3311 вопросительно взглянула на него, и он увидел полыхающие огнём тройки вместо зрачков. Они обжигали его. Язычки пламени расползались. Нет, теперь она не затухала, она разгоралась всё ярче.
– Разве кто-то тогда на катере просил тебя прыгнуть в воду? – 3311 встала. Уютный снежный шалаш, успевший насыпаться вокруг них, рухнул, оставляя пушистые белые шапки на полупрозрачных головах. – Почему ты рассказываешь это мне? И почему мне так нестерпимо больно это слышать?
Огонь потух. Её глаза проливались всеми земными дождями.
– Потому что на свете есть только одна любовь, и иногда лучше её потерять, чем вовсе не находить, – СИД подлетел совсем близко, нежно обнял БОТа и засиял. Свет проник в каждую клеточку её души, наполнил счастьем, смехом, лёгкостью и глубиной одновременно. Она носилась со всеми ветрами Вселенной, ныряла в океанские глубины, сверкала угольками звёзд, клубилась дымом лесного костра в предрассветном тумане, кралась тенями и сияла белоснежными вершинами гор. Дышала.
– Самойлов?
– Зина…
Аура 3311 заискрилась оранжевым солнцем.
– БОТ 331, на выход! – величественный голос, как у Левитана, заполнил пустоту Посмертия. Зину отбросило к выходу. Она не отпустила руку, и Самойлова швырнуло вместе с ней. Загудела сирена, загробная ширь затряслась и замигала.

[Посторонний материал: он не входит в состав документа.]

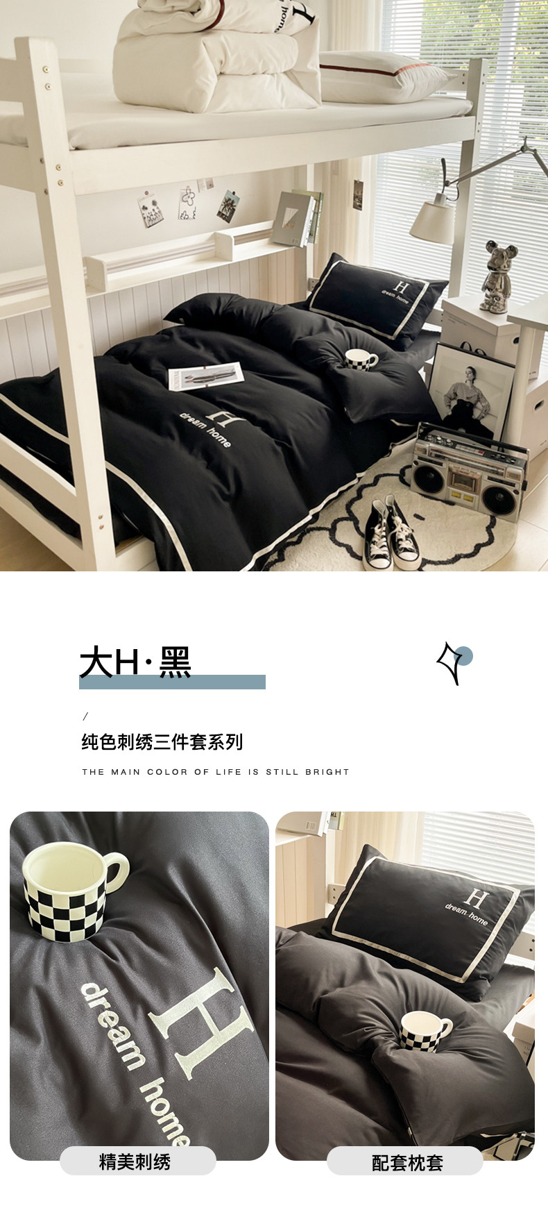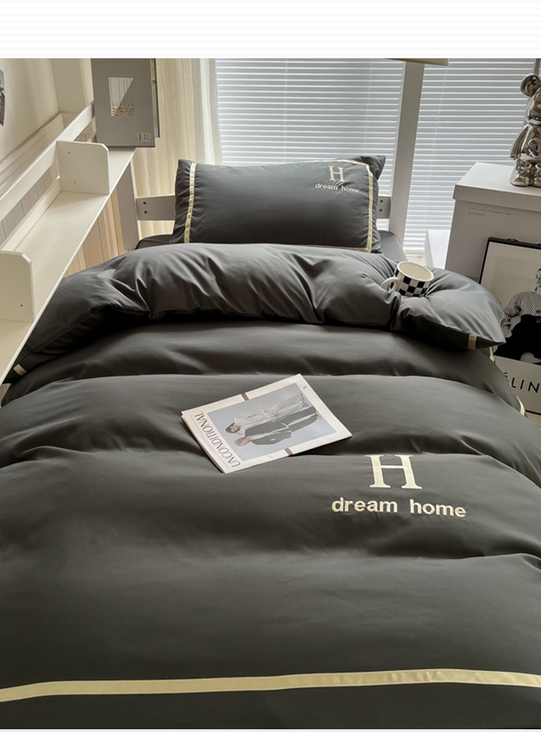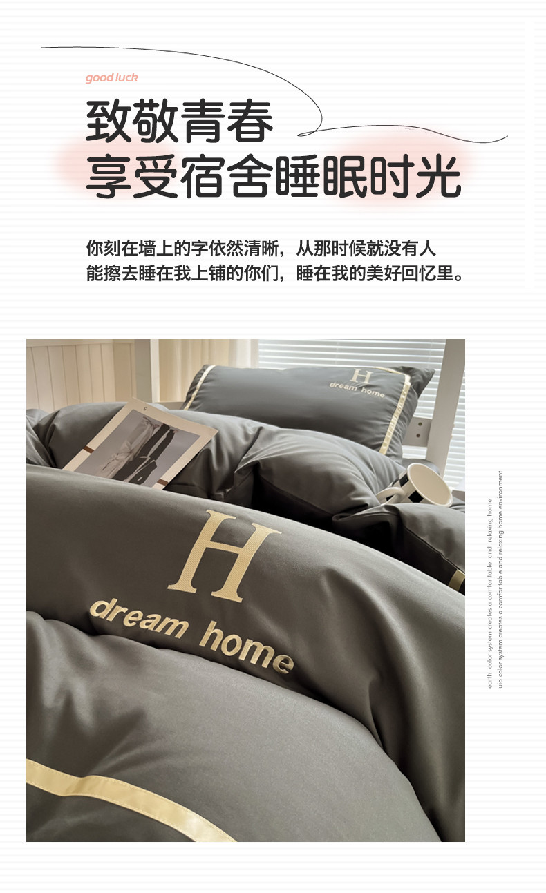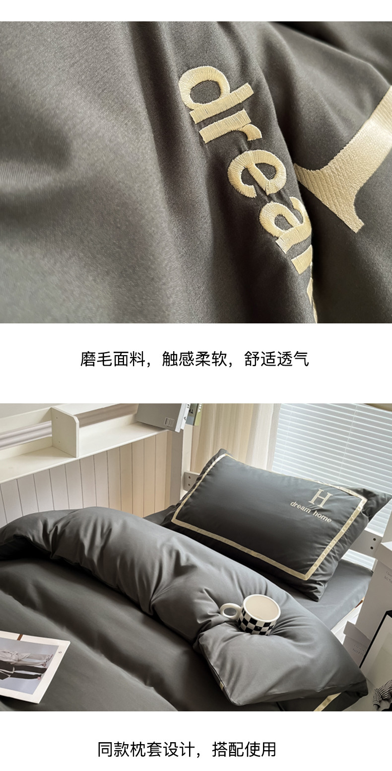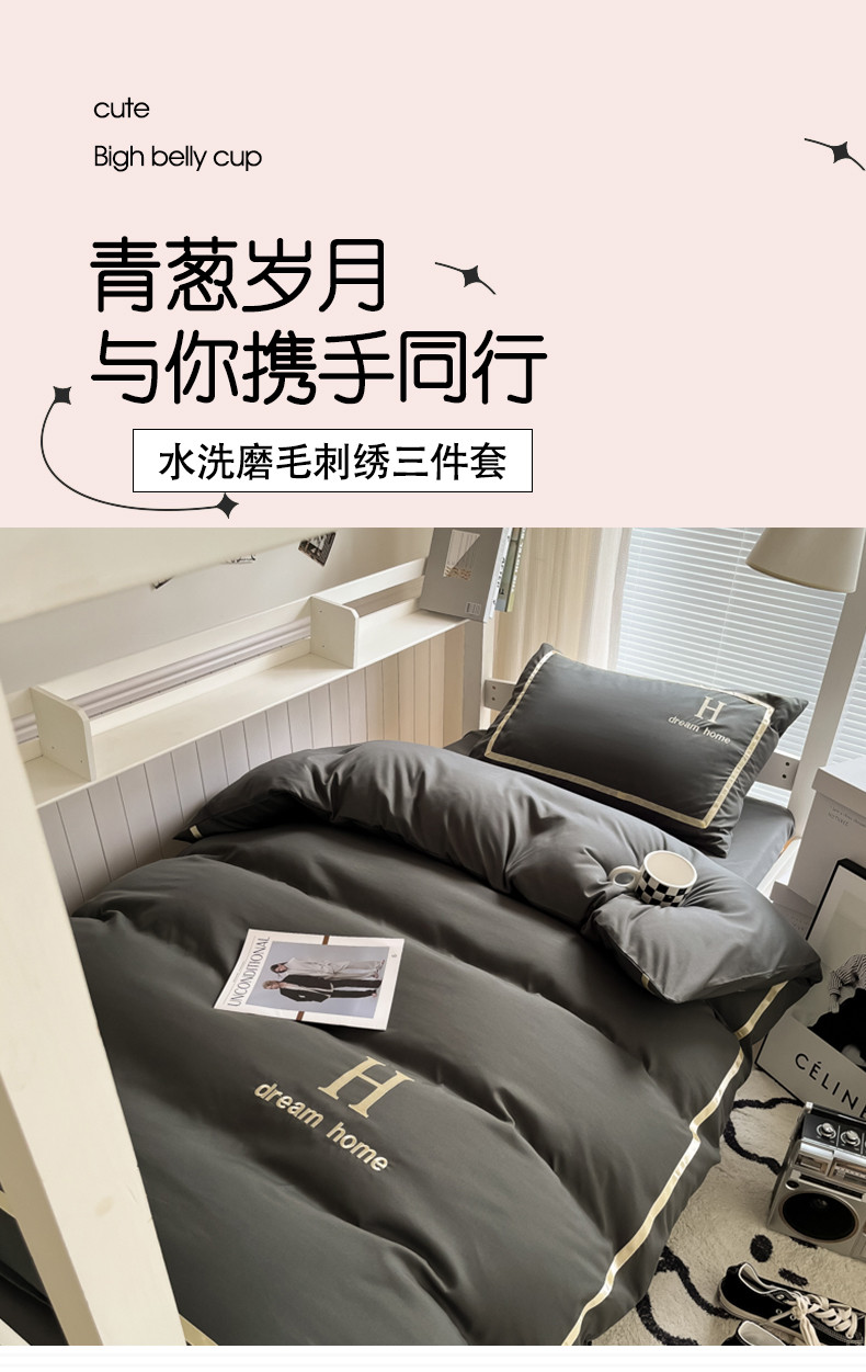 (总)千希家纺 2023新款水洗棉磨毛刺绣学生季上下铺宿舍三件套-大H款

Левитан зачитал неотвратимое:
– СИД 761, вы не имеете права находиться в зоне выхода. Вы не имели права посвящать БОТа в прошлые воплощения. Вы не исполнили свои стратегические задачи. За множественные нарушения вы лишаетесь достоинств, знания, памяти и права быть СИДом. Проследуйте в зону Катарсиса.
– Но он исполнил! – 3311 кричала и падала. Приземляясь, она видела, что Самойлов продолжал падать ниже.
– И-и-и! И-и-и! – вырывалось теперь у неё вместо желаемого «исполнил». – И-и-и-и, – пискнула она, едва осознала себя младенцем и тут же всё забыла.
* * *
– Ты смотри, как раскричалась, Машенька! – баба Фрося омывала новорожденную тёплой водичкой, крестила, нашёптывала молитву, пока молодая мама Маша приходила в себя. Рожать в бане не входило в её планы, но Юшкозеро замело, и выехать в роддом не представлялось никакой возможности.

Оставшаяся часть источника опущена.